Fokus Semarang | Jakarta – Suku bunga deposito menjadi perhatian utama bagi mereka yang ingin menyimpan dana dengan risiko rendah namun tetap mendapatkan keuntungan yang menarik. Pada bulan Juni 2026, empat bank terbesar di Indonesia, yaitu Bank Rakyat Indonesia (BRI), Bank Negara Indonesia (BNI), Bank Mandiri, dan Bank Central Asia (BCA), menawarkan tingkat bunga deposito yang berbeda-beda sesuai dengan tenor simpanan.

Scroll Untuk Lanjut Membaca

BRI masih menjadi salah satu bank dengan bunga deposito paling kompetitif untuk tenor pendek. Untuk deposito 1 bulan dan 3 bulan, bunga yang ditawarkan berada di kisaran 3,00% hingga 3,50% per tahun. Sementara tenor 6 bulan dan 12 bulan berada di kisaran 2,50% hingga 3,00%.

Di sisi lain, BNI menawarkan bunga deposito mulai dari 2,25% untuk tenor 1 bulan, 2,50% untuk tenor 3 bulan, dan mencapai 2,75% pada tenor 6 bulan. Untuk tenor 12 bulan hingga 24 bulan, tingkat bunga berada di kisaran 2,50%. Bunga ini dinilai cukup menarik bagi nasabah yang mengutamakan stabilitas investasi jangka menengah.
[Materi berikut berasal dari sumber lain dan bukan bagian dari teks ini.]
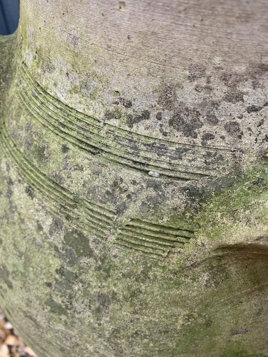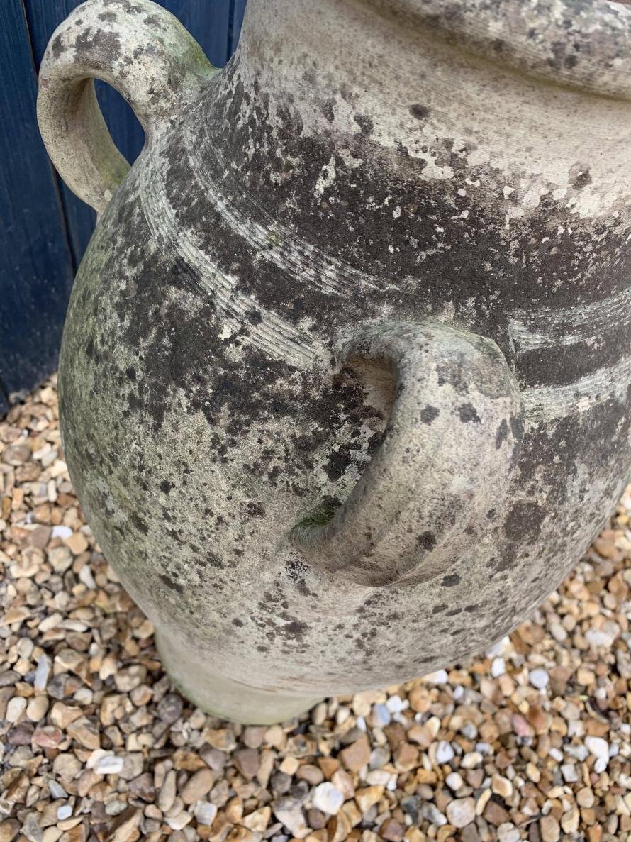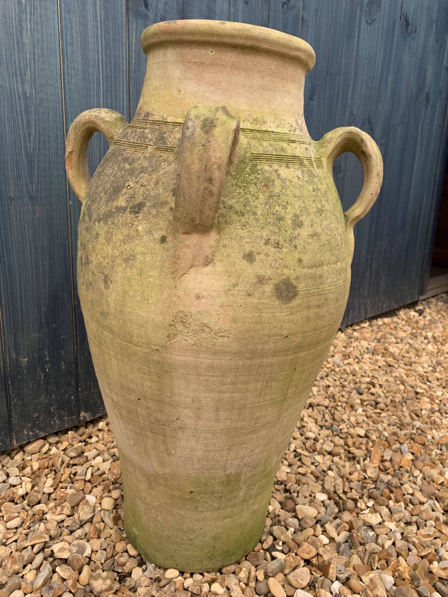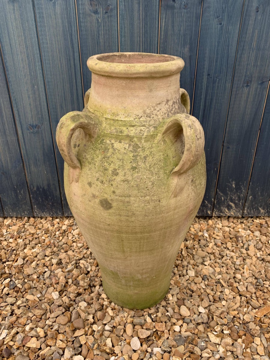 This four handled antique garden urn is in fabulous original condition and has a great patina.

Bank Mandiri mempertahankan strategi bunga yang relatif stabil. Deposito tenor 1 bulan dan 3 bulan berada di level 2,25%, sedangkan tenor 6 bulan hingga 24 bulan berada di kisaran 2,50%. Kebijakan ini membuat Mandiri menjadi pilihan bagi nasabah yang menginginkan kepastian imbal hasil tanpa fluktuasi besar antar tenor.
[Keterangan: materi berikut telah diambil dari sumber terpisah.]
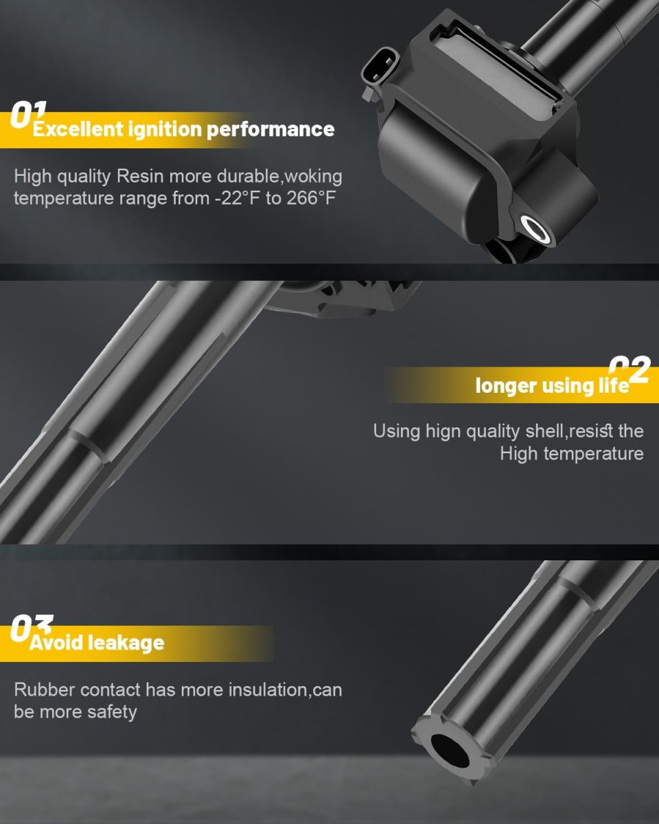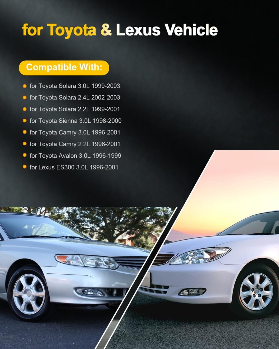 Compatible Vehicle : for Toyota Solara 3.0L 1999-2003,for Toyota Solara 2.4L 2002-2003,for Toyota Solara 2.2L 1999-2001,for Toyota Sienna 3.0L 1998-2000,for Toyota Camry 3.0L 1996-2001,for Toyota Camry 2.2L 1996-2001,for Toyota Avalon 3.0L 1996-1999,for Lexus ES300 3.0L 1996-2001. Replaces OEM Part Numbers : 90919-02215, 90080-19012, 9008019012, 9091902215, 88921336, DMB1143, GN10218, 5C1488, E588, E-588, 0040100430. Premium Quality Material :You'll have an easy time mounting these coils due to their lightweight and winding construction. The copper material ensures maximum power delivery to the spark plugs. They come pre-greased for direct replacement.Superior winding process yields greater wire length control, which means less chance of a breakdown of the wire coating and insulation. Material resists pinholes and cracks that can cause failures. Function & OEM Fit:OCPTY Ignition Coils are engineered for original equipment and replacement applications.Every component either matches or improves on the OE design to ensure fast and easy installation with superior performance and reliability.The ignition coil acts like a transformer.the ignition coil transforms the electrical energy from the vehicle battery into high voltage, saves it briefly and then emits it as a high voltage current pulse to the spark plug.Other fine products

BCA menawarkan bunga deposito sekitar 2,75% untuk tenor 1 bulan dan 3 bulan. Untuk tenor 6 bulan hingga 12 bulan, bunga dapat mencapai 3,00% tergantung nominal penempatan dana. BCA juga menjadi salah satu pilihan favorit karena kemudahan pembukaan deposito secara digital melalui aplikasi perbankan.
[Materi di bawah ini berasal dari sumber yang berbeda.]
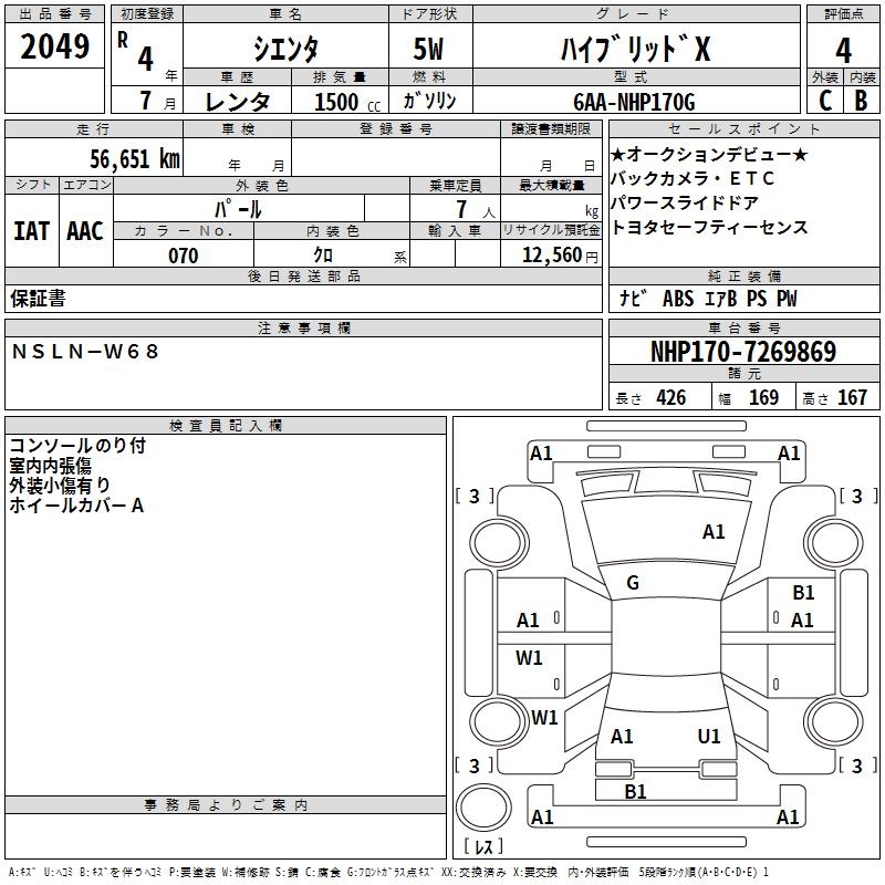 TOYOTA SIENTA - лот 2049
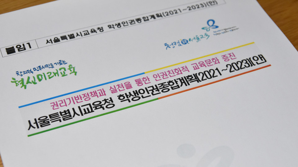 서울시교육청이 지난해 12월 발표한 '학생 종합 인권 계획'은 서울시 학생 인권조례에 명시된 것이다. 2017년부터 지난해까지 1기 계획이 마무리됐고, 올해부터 2023년까지를 기한으로 2기 계획을 내놨다. 여기에는 '어떻게 하면 서울시 관내 학교를 모두에게 안전한 학교로 만들 수 있을지', '어떤 교육을 통해 학생 개개인을 교육 주체로 세우고 민주 시민으로서 인권 의식 및 역량을 강화할 수 있을지' 등 교육청의 방향성이 담겨 있다.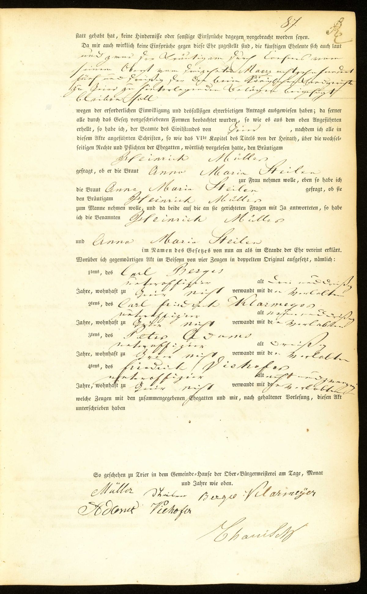 Quelle: Heiratsregister Nr. 85/1835 Zivilstandsregister Trier
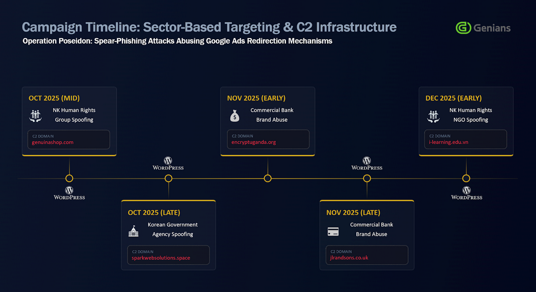 Operation Poseidon: A North Korean APT group has used advertising-related URLs to hide malicious URLs and bypass email security filters. The campaign used Naver and Google DoubleClick domain redirection features to redirect links inside emails to malicious domains. South Korean security firm Genians linked the months-long spear-phishing campaign to a group known as Konni .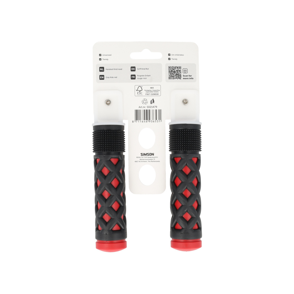 Sportieve look voor kinderfietsen. Geef de fiets een sportieve boost met deze rood-zwarte handvatten. Het speciale ruitmotief zorgt voor maximale controle over het stuur. Net als de andere kinderhandvatten zijn deze eenvoudig over het stuur te schuiven en desgewenst in te korten op de gewenste lengte.

Jika dibandingkan secara keseluruhan, BRI menjadi bank dengan bunga deposito tertinggi di kelompok bank besar nasional untuk tenor pendek. Namun, keputusan memilih deposito sebaiknya tidak hanya berdasarkan bunga semata, melainkan juga mempertimbangkan kebutuhan likuiditas, tenor investasi, serta kemudahan akses layanan perbankan.

Investor juga perlu memperhatikan batas tingkat bunga penjaminan yang ditetapkan oleh Lembaga Penjamin Simpanan. Apabila bunga deposito melebihi tingkat penjaminan yang berlaku, dana nasabah berpotensi tidak dijamin sepenuhnya oleh LPS.

Keputusan memilih deposito harus dilakukan dengan hati-hati dan mempertimbangkan berbagai faktor. Dengan demikian, nasabah dapat mendapatkan keuntungan yang optimal sesuai kebutuhan keuangan masing-masing.

Disclaimer: Artikel ini dibuat dengan bantuan AI Gemini/ChatGPT yang dimodifikasi oleh editor untuk kenyamanan pembaca.